Cheryl Wicks: It’s kitten season again
Right up front I’ll let the reader know this is a plea for help. Sammie’s Friends desperately needs foster parents to help get through kitten season.
You’re probably thinking, “I didn’t even know there was a kitten season. Do they grow like plants in the spring?”
Wonder no more; for the last two years we have received over 400 kittens per year. If you read my February article you know that February is prime mating time. Since the gestation period is approximately eight weeks that means the first kittens arrive around mid- April and continue to arrive through September. The time is fast approaching.
We know of some shelters that have already received kittens. Kittens are birthed during spring and summer — this is Mother Nature’s way of making life safe for the little critters. They would not survive in freezing temperatures. A newborn kitten weighs only about 3.5 ounces and is very vulnerable.
Unless you are someone’s pampered pet, life as a cat can be difficult. We receive babies that have been left in mailboxes, have been born in sheds and barns and fields. Some of the litters come with mamas and some are found helpless and alone. The kittens we need help with are anywhere from one day to eight weeks old.

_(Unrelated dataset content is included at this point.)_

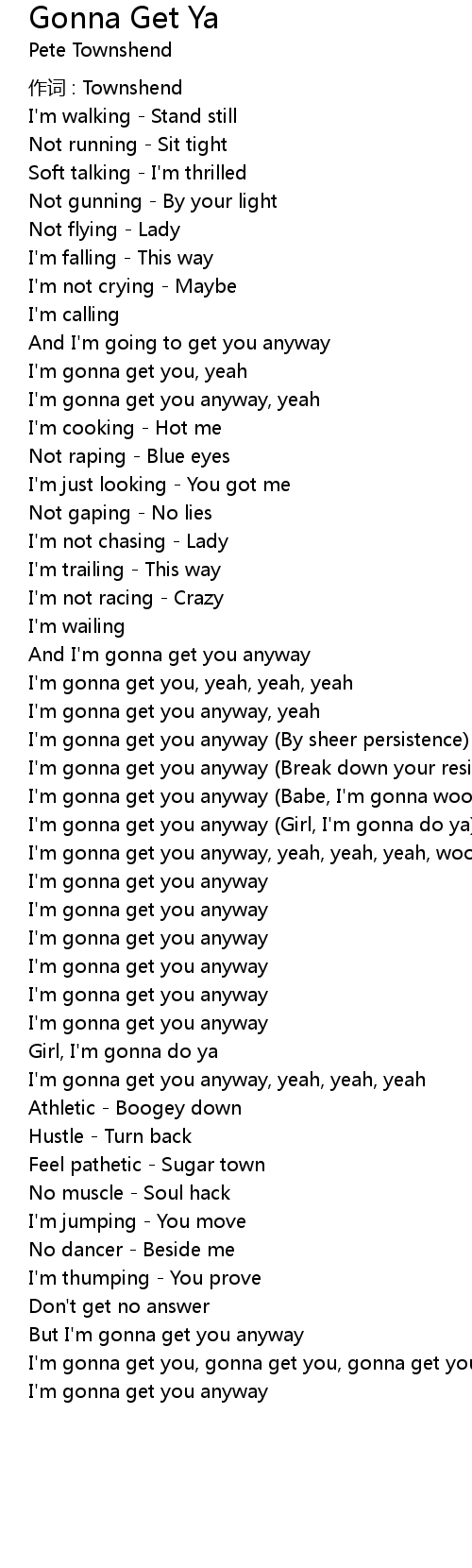 | I' m gonna get you, gonna get you, gonna get you, gonna get you | |

If this sounds interesting to you, please come to Sammie’s Cat Facility, 14647 McCourtney Road in Grass Valley and fill out a foster application.
If you have questions please call Ruth, the cat facility manager, at 530-274-1955. Ruth has tons of experience and can be a helpful mentor/guide through this process if you have never done it before.
Sammie’s Friends will pay for all medical care, vaccines, spaying/neutering (when kittens are old enough and when mama has stopped nursing), supplies of food and milk supplement, beds and whatever else is needed. Fosters are there to provide love, socialization and care for the kittens and mamas.
If you have other animals at your home be sure that those animals are safe around your foster animals. Safety is one of the key responsibilities of a foster. Children can be a great asset in helping with care and socializing kittens. If you have very young children they will need to be supervised to ensure the safety of the fragile and vulnerable kittens and your children. Even little kittens can bite and scratch (most of them don’t, but they can).
Many times it is best to keep the fosters from your own menagerie just to be safe on lots of levels. We don’t want any of our fosters being attacked by a foster home animal. It is for the safety of your animals too. We do vaccinate the mother cats and the kittens have immunity through their mothers for the first six weeks, at which point we vaccinate them. When these cats are stray cats we do not know their history, so you may want to keep them separate. It is required that our animals be housed indoors.
Sammie’s Friends staff will match you up with the right fostering situation for you. For instance, if you are experienced and know quite a bit about cats, you might take a litter of feral kittens. If those kittens are worked with and socialized in the first few weeks of their lives they can often become household pets. Once they get older they remain feral. If you have never bottle fed a tiny infant you will need training. There is an art to it. The staff is always here to answer your questions and you will also be given a foster manual to use for guidance.
We have had several fosters who enjoy this so much they do it year after year. We sometimes have fosters who can only foster for a little while during the summer (e.g., teachers who are off for a couple of months). Bottle babies must be fed every couple of hours so there needs to be someone around to feed them. Occasionally people have jobs where they can take them with them and feed them throughout the day. Don’t do this without your employer’s approval, please.
Although this article focuses on fosters for kittens, we do need foster parents for puppies and adult animals also. We often need help with animals that are sick or injured and need a safe place to stay during recovery. We sometimes have older animals that would do better in someone’s home. Sometimes we’re just plain crowded and need to get a few animals out of the shelter until we can reduce the population through adoptions. If you are interested in puppy/dog fostering call Debbie at the dog facility 530-471-5041.
Right now the 2019 Cat Crisis program is going on so please take advantage of this program. For spaying/neutering information for dogs and cats go to http://www.sammiesfriends.org.
Come on out to Sammie’s Friends Animal Shelter and join in the fun. We need you, the animals need you, and you’ll have a darn good time. Many thanks to those of you who have fostered animals over the years. We couldn’t do it without your help.
Cheryl Wicks is the Co-Founder and President of Sammie’s Friends.